* **WORK INSTRUCTION**
Leaving the pictures aside, reproduce the data in full and word for word.

* **DATASET EXTRACT**

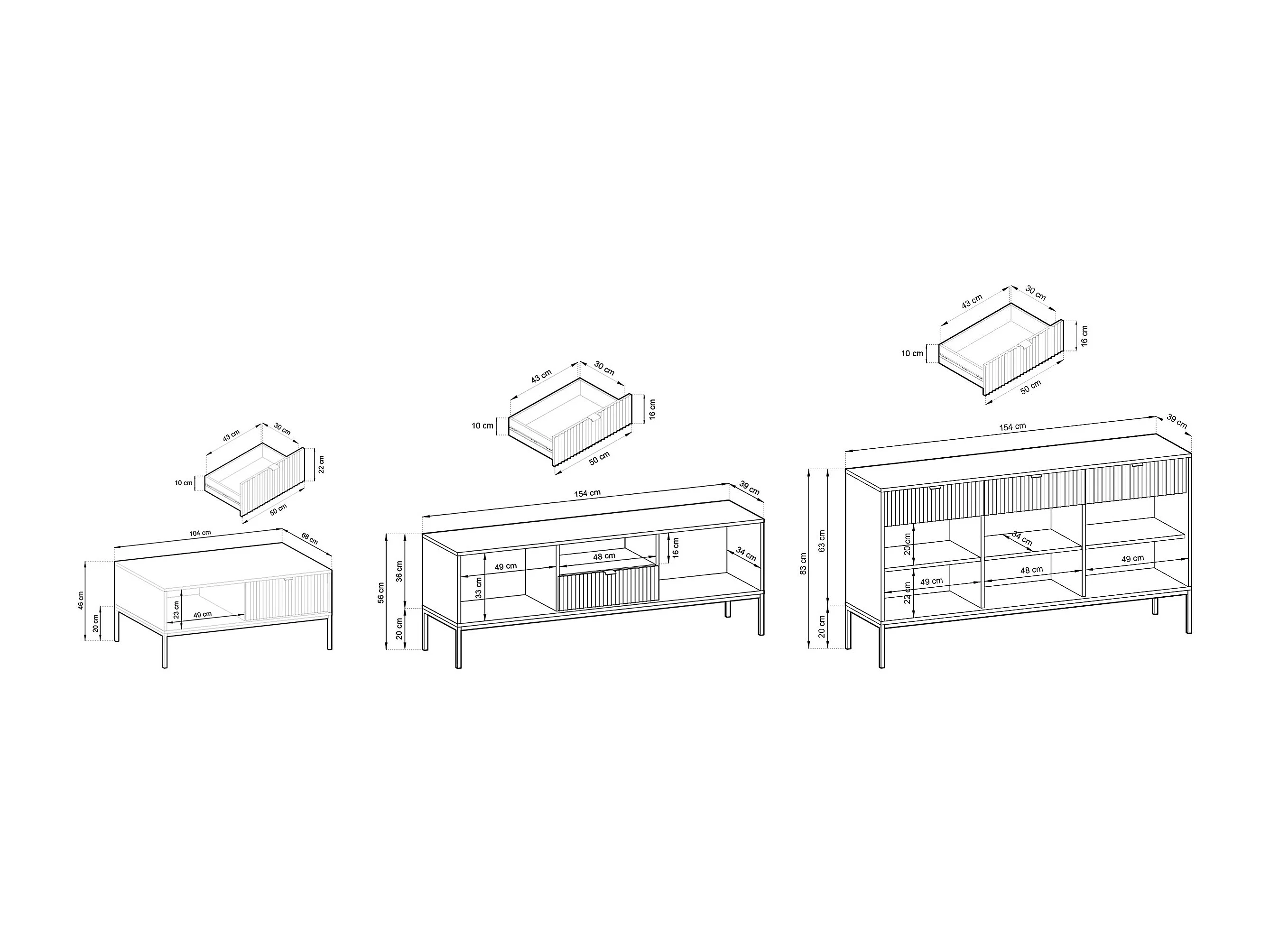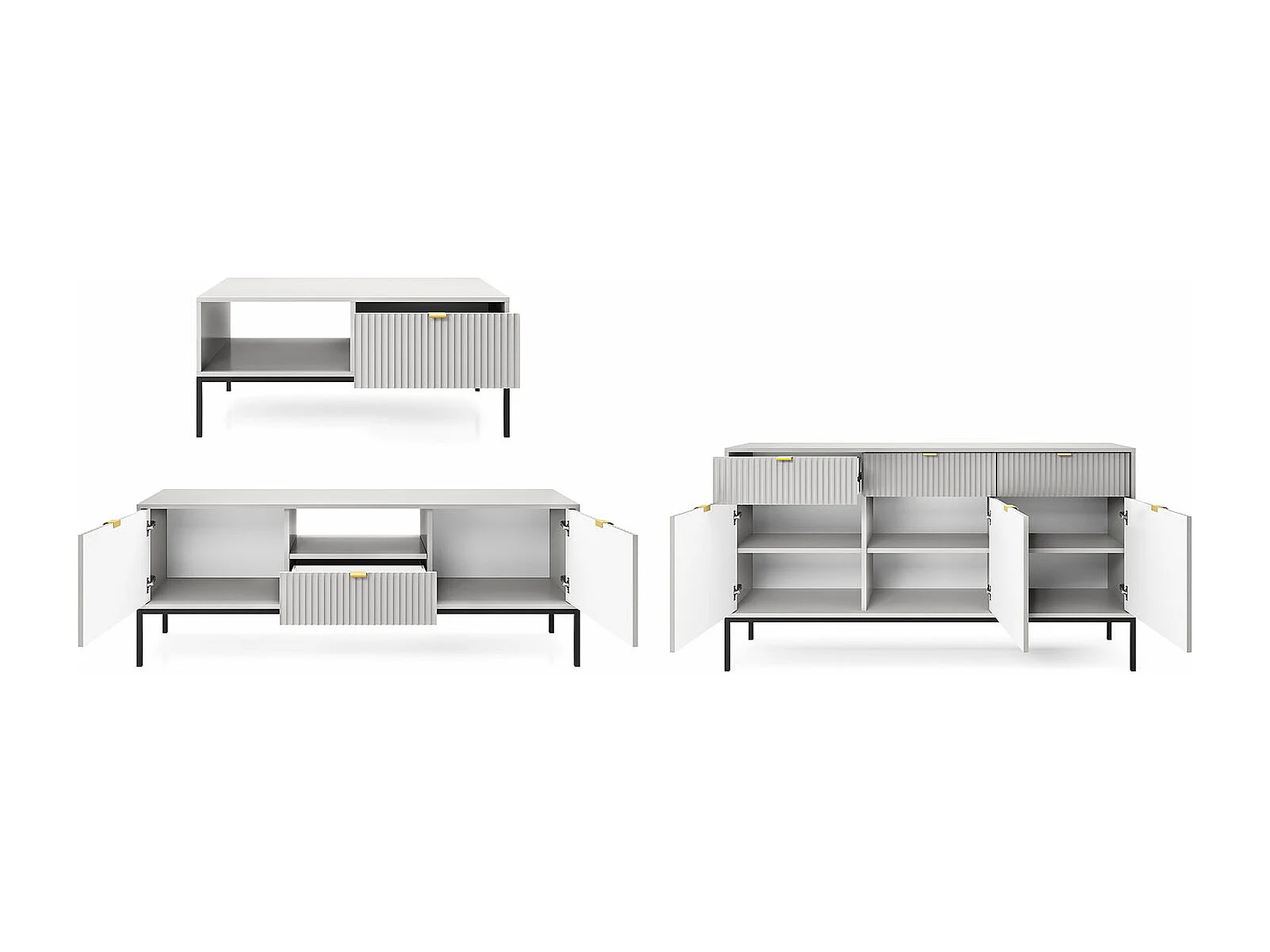 WOHNZIMMER-SET Nova Grau / Schwarz 3-teilig
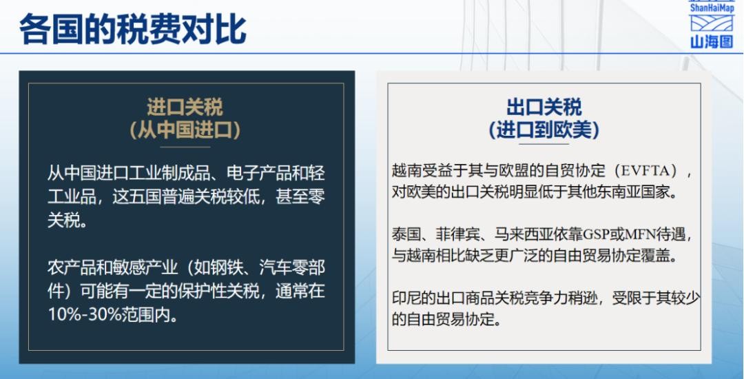 很明显,菲律宾的企业所得税或者增值税在这些国家里是最高的,企业所得税达到25%,增值税为12%。而有税收优惠的是越南和泰国,它们的企业所得税是20%。印尼之前是24%,后来好像在疫情期间降到了22%。
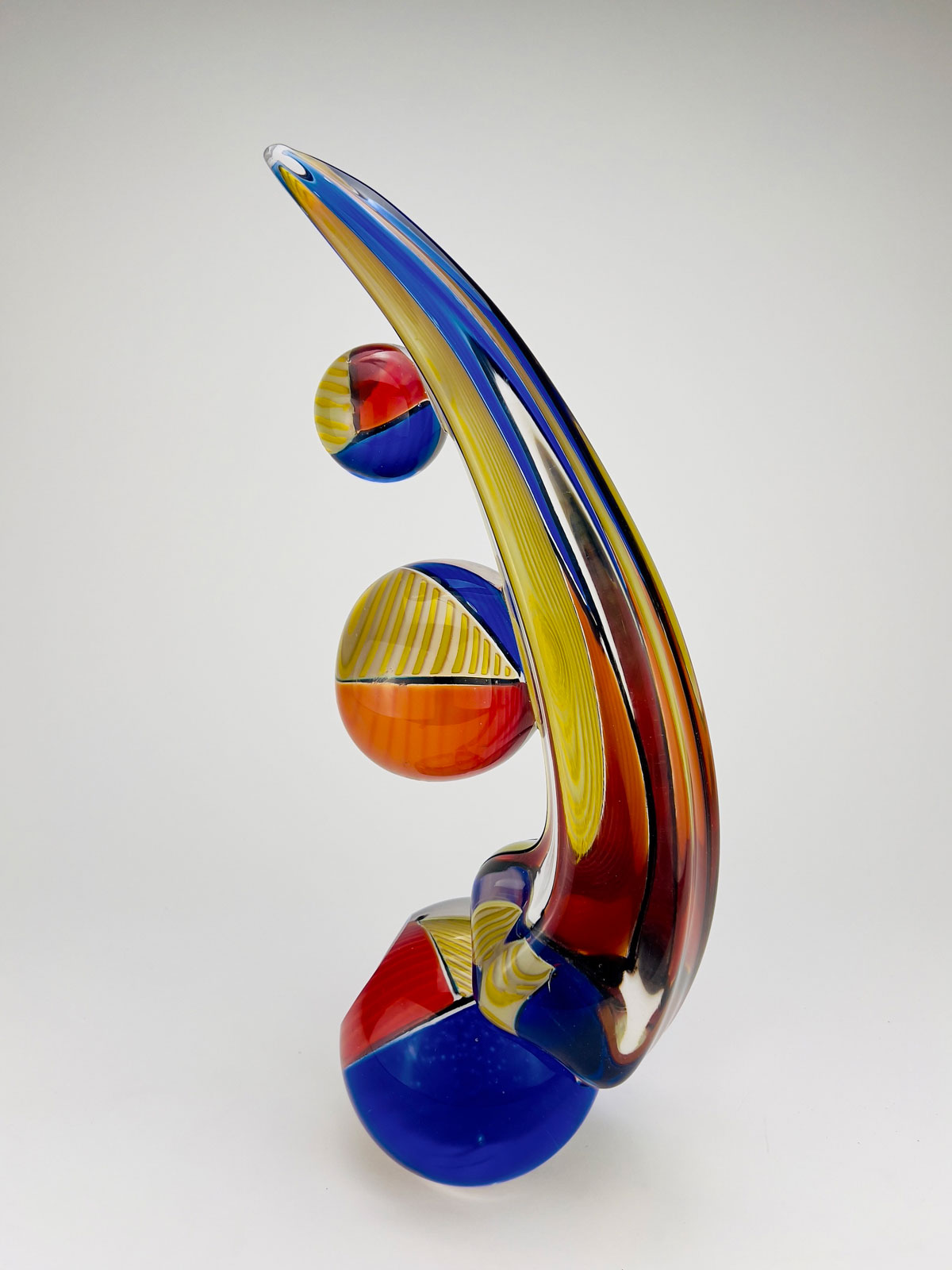 Richard Royal is recognized internationally as one of the most skilled and talented glassblowers in the studio glass movement. Having spent his early years as a ceramicist, he began working as a glass sculptor in 1978 at the Pilchuck Glass School. The birth of this new and exciting artistic movement appealed to the young artist, and Royal worked his way through the ranks to become one of Dale Chihuly’s main gaffers. His work with Chihuly lasted for many years and in the 1980’s led to Richard Royal’s emergence as an independent force in the art market.
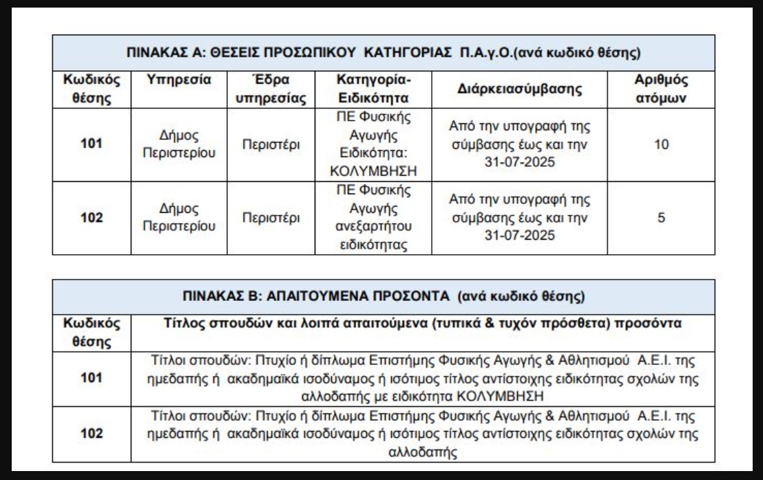15 Προσλήψεις θα γίνουν στον Δήμο Περιστερίου με οκτάμηνες συμβάσεις εργασίας ιδιωτικού δικαίου ορισμένου χρόνου (ΑΣΕΠ ΣΟΧ).

* **SOLUTION BELOW**
 WOHNZIMMER-SET Nova Grau / Schwarz 3-teilig
 很明显,菲律宾的企业所得税或者增值税在这些国家里是最高的,企业所得税达到25%,增值税为12%。而有税收优惠的是越南和泰国,它们的企业所得税是20%。印尼之前是24%,后来好像在疫情期间降到了22%。
 Richard Royal is recognized internationally as one of the most skilled and talented glassblowers in the studio glass movement. Having spent his early years as a ceramicist, he began working as a glass sculptor in 1978 at the Pilchuck Glass School. The birth of this new and exciting artistic movement appealed to the young artist, and Royal worked his way through the ranks to become one of Dale Chihuly’s main gaffers. His work with Chihuly lasted for many years and in the 1980’s led to Richard Royal’s emergence as an independent force in the art market.
15 Προσλήψεις θα γίνουν στον Δήμο Περιστερίου με οκτάμηνες συμβάσεις εργασίας ιδιωτικού δικαίου ορισμένου χρόνου (ΑΣΕΠ ΣΟΧ).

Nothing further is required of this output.